**What you will do:** Once you find the line with "Struttura in legni" in the listing below, set down exactly every line from it through the line with "Say goodbye to", but no pictures.

**Records supplied:**

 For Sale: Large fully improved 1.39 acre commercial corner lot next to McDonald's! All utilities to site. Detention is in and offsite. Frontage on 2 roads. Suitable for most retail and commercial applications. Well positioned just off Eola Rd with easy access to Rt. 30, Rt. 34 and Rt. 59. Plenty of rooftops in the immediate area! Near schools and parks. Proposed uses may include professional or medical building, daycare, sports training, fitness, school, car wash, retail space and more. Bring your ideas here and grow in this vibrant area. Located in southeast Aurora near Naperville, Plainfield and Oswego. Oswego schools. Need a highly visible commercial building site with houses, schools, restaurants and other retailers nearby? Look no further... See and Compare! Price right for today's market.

* * *

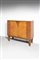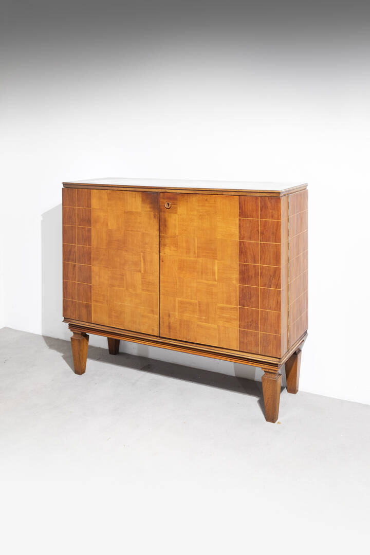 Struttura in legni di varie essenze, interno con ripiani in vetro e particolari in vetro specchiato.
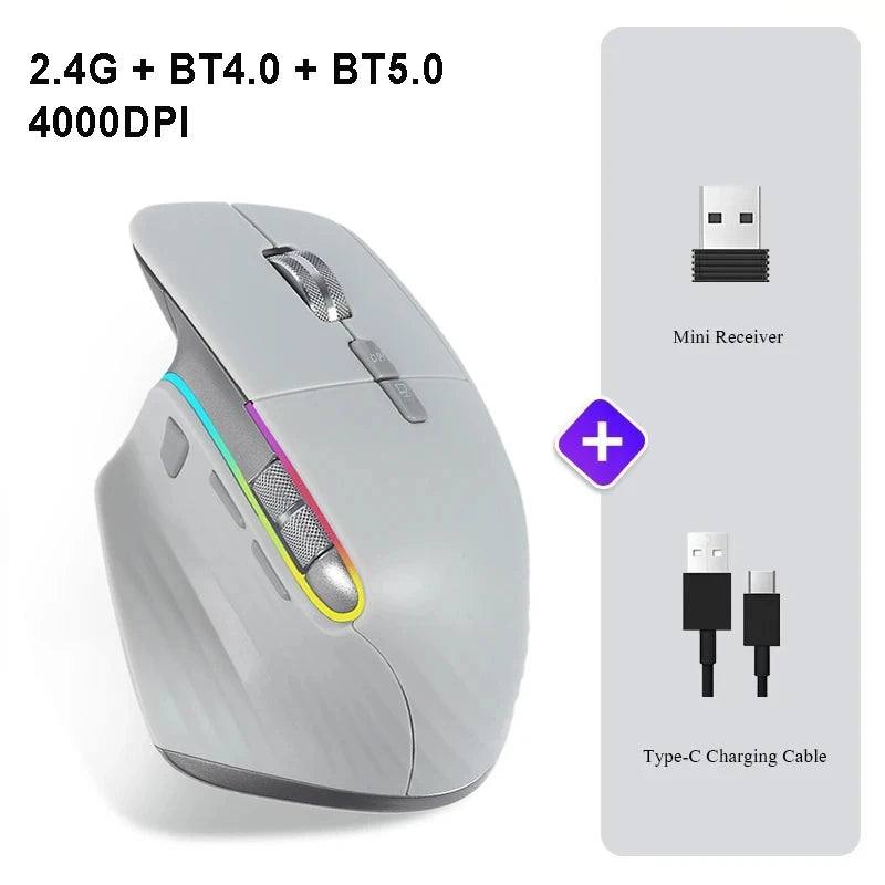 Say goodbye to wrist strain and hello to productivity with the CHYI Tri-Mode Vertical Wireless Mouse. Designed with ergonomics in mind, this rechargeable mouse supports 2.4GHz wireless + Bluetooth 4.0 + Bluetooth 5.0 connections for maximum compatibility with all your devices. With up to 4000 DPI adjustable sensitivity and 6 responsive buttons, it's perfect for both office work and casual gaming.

**Response:**
 Struttura in legni di varie essenze, interno con ripiani in vetro e particolari in vetro specchiato.
 Say goodbye to wrist strain and hello to productivity with the CHYI Tri-Mode Vertical Wireless Mouse. Designed with ergonomics in mind, this rechargeable mouse supports 2.4GHz wireless + Bluetooth 4.0 + Bluetooth 5.0 connections for maximum compatibility with all your devices. With up to 4000 DPI adjustable sensitivity and 6 responsive buttons, it's perfect for both office work and casual gaming.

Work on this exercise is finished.